Si la somnolence est liée à une apnée du sommeil, un traitement respiratoire par pression positive continue (PPC) peut être prescrit. En cas d’insomnie chronique, la thérapie cognitivo-comportementale (TCC) donne d’excellents résultats. Pour la narcolepsie, des médicaments stimulant la vigilance peuvent être envisagés.

Le médecin du sommeil adapte la prise en charge à chaque patient selon les résultats du laboratoire du sommeil.

Adapter son mode de vie

L’activité physique régulière, une alimentation équilibrée et la gestion du stress contribuent à mieux dormir. Parfois, une courte sieste (20 minutes maximum) permet de retrouver de l’énergie sans perturber le sommeil nocturne.

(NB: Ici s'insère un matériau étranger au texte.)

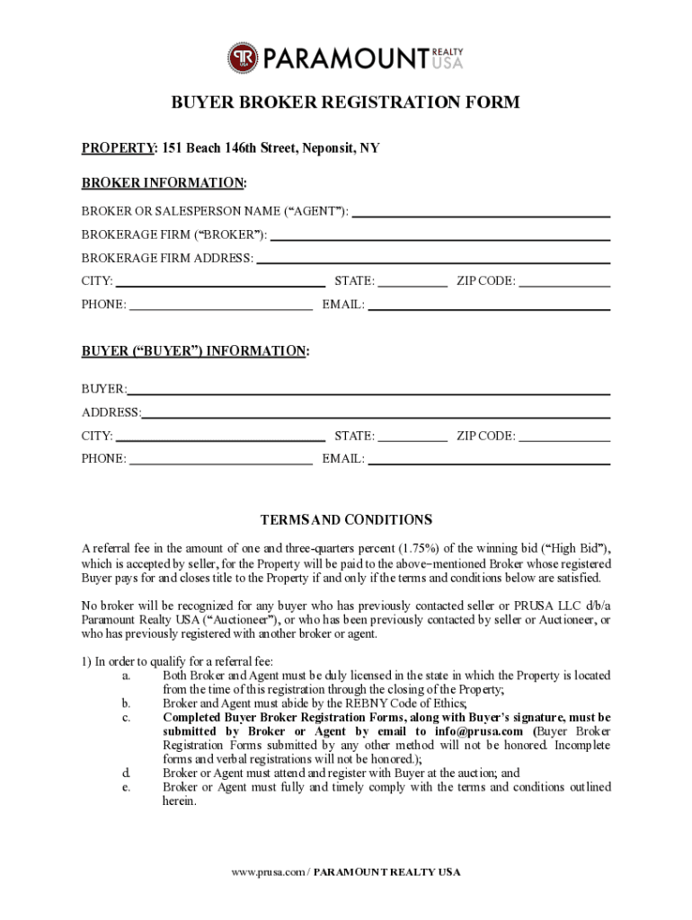 Anyone who is looking to purchase a property with the assistance of a real estate agent or broker needs to fill out a buyer broker registration form.

Enfin, il est important d’éviter l’automédication avec des somnifères ou hypnotiques, qui peuvent aggraver les troubles du sommeil à long terme.

Retrouver un sommeil réparateur

La somnolence diurne n’est pas une fatalité. Avec un diagnostic adapté et une hygiène de vie équilibrée, il est possible de retrouver un sommeil de qualité et une vigilance optimale pendant la journée.

Écouter les signaux de son corps, respecter ses besoins en sommeil et consulter un professionnel en cas de symptômes persistants, sont les clés pour mieux dormir et rester en bonne santé.

Le sommeil, loin d’être une perte de temps, est une véritable source d’équilibre physique et cérébral. Prendre soin de ses nuits, c’est protéger ses journées.

À retenir

  • La somnolence diurne touche environ un Français sur quatre (26 %).
  • Elle résulte souvent d’un manque ou d’une mauvaise qualité de sommeil.
  • Les troubles du sommeil comme l’apnée ou la narcolepsie sont à surveiller.
  • Un bilan du sommeil aide à identifier la cause.
  • Une bonne hygiène de sommeil reste la meilleure prévention.